I have problem with the proof of the following statement.
If matrix $M\in M_{m \times n}(\mathbb{R})$ has rank $r \geq 1$, then it can be written as a sum of exactly $r$ rank-$1$ matrices
I try in this case:
The SVD of $M$ is given by $M = U\sigma V^T$, where $U$ is an $m \times r$ matrix whose columns are the left singular vectors of $M$, $V$ is an $n \times r$ matrix whose columns are the right singular vectors of $M$, and $\sigma$ is an $r \times r$ diagonal matrix whose diagonal entries are the singular values of $M$.
Using the SVD of $M$, we can express $M$ as a sum of rank 1 matrices as follows: \begin{align*} M &= U\sigma V^T \\ &= \sum_{i=1}^r \sigma_i u_i v_i^T \\ &= \sigma_1 u_1 v_1^T + \sigma_2 u_2 v_2^T + \cdots + \sigma_r u_r v_r^T, \end{align*} where $\sigma_i$ is the $i$th singular value of $M$, $u_i$ is the $i$th left singular vector of $M$, and $v_i$ is the $i$th right singular vector of $M$.
Each of the matrices $\sigma_i u_i v_i^T$ is a rank 1 matrix, since it is the outer product of two vectors of rank 1. Moreover, these matrices are linearly independent, since the left and right singular vectors are orthogonal to each other and have norm 1, and the singular values are positive and distinct. Therefore, we have expressed $M$ as a sum of $r$ rank 1 matrices, and we have shown that this is the minimum number of rank 1 matrices required to express $M$ in this way.

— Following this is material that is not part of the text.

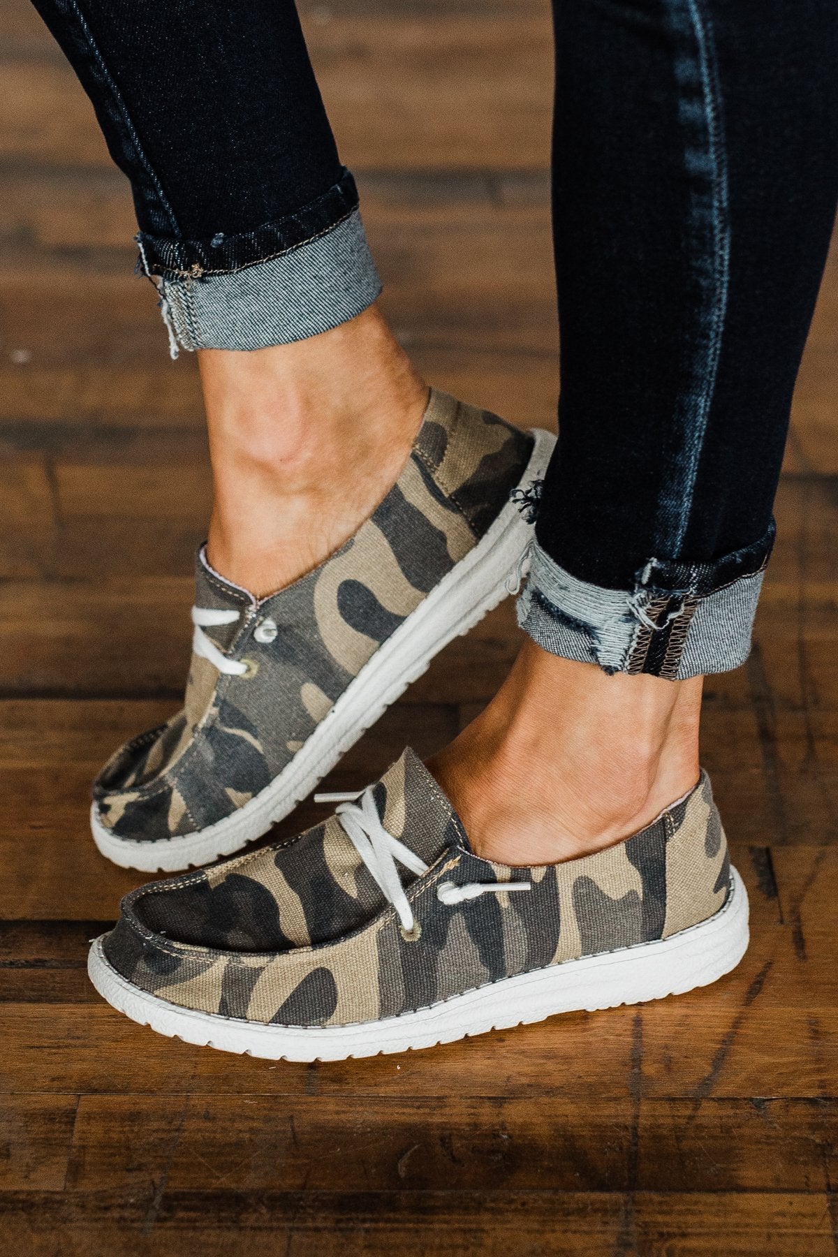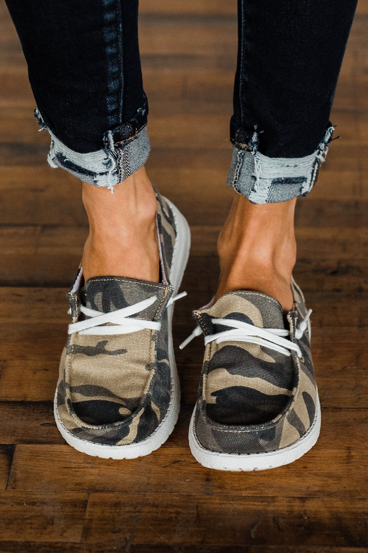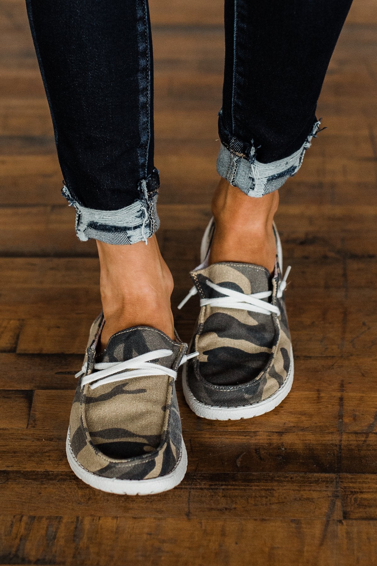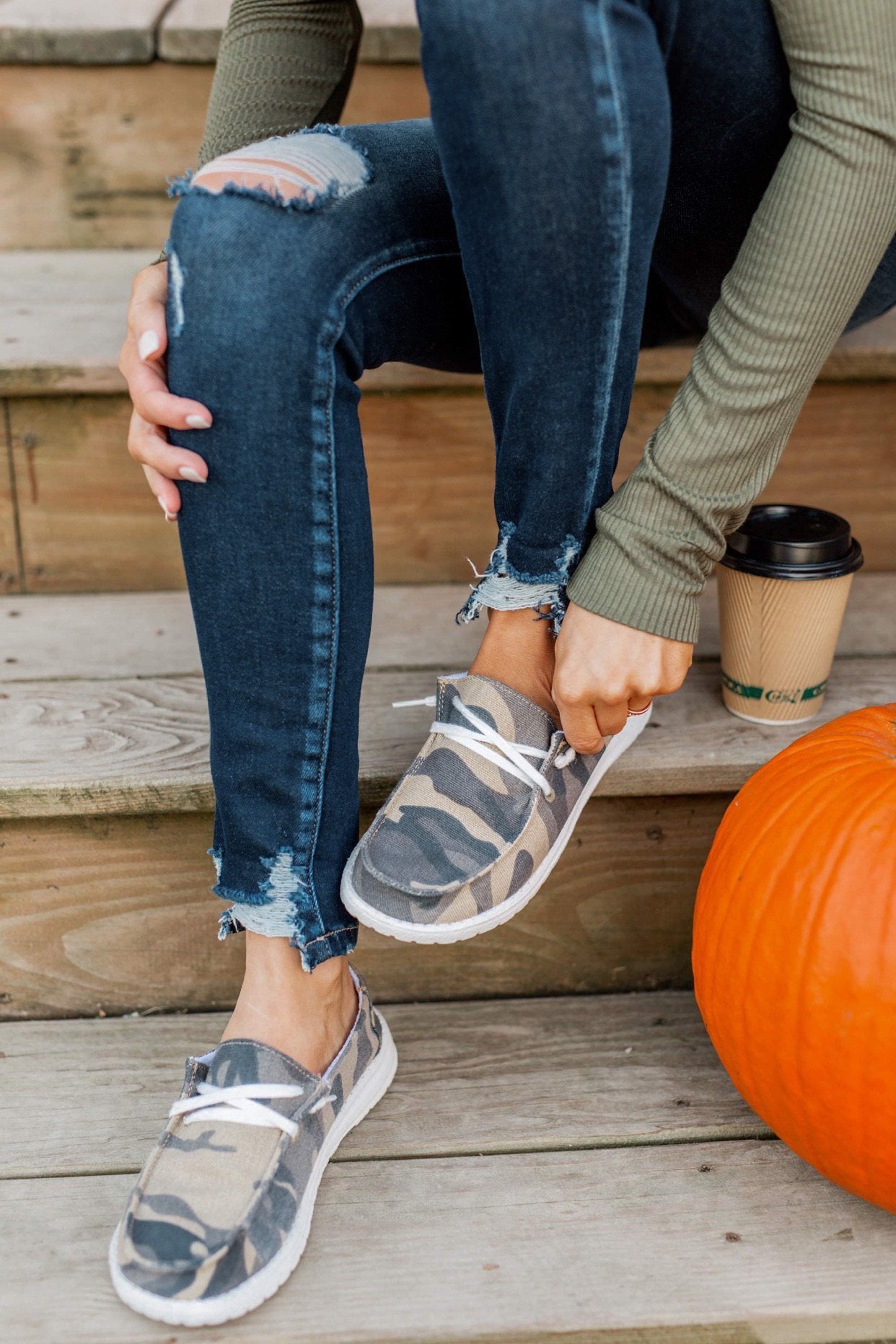 These sneakers are the perfect mix of cute and casual! They have a lightweight material with a captivating camo pattern that is sure to keep all eyes on you! They also feature a flexible, cushioned sole making these ideal for all day wear.

But i don't know that it is correct. Could you check it? And help
The matrix $M$ defines a linear transformation from $\mathbb{R}^n$ to $\mathbb{R}^m.$ By assumption $r=\dim({\rm Im}M).$ Let $\{v_1,v_2,\ldots v_r\}$ denote a linear basis in ${\rm Im}M.$ Then for any vector $x\in \mathbb{R}^n$ there exist unique coefficients $\alpha_1(x),\alpha_2(x),\ldots, \alpha_r(x)$ such that $$Mx=\alpha_1(x)v_1+\alpha_2(x)v_2+\ldots +\alpha_r(x)v_r\quad (*)$$ The mappings $x\mapsto \alpha_k(x)$ are linear due to the uniqueness in $(*).$ The linear transformations $M_kx= \alpha_k(x)v_k$ have rank $1$ and $$M=M_1+M_2+\ldots +M_k$$ The formula gives a decomposition of the matrix $M$ into $r$ rank one matrices, associated with $M_k.$ Clearly if $M$ decomposed into $s$ rank one matrices then $\dim({\rm Im}M)\le s,$ hence $r$ is the smallest number of possible rank one matrices in the decomposition.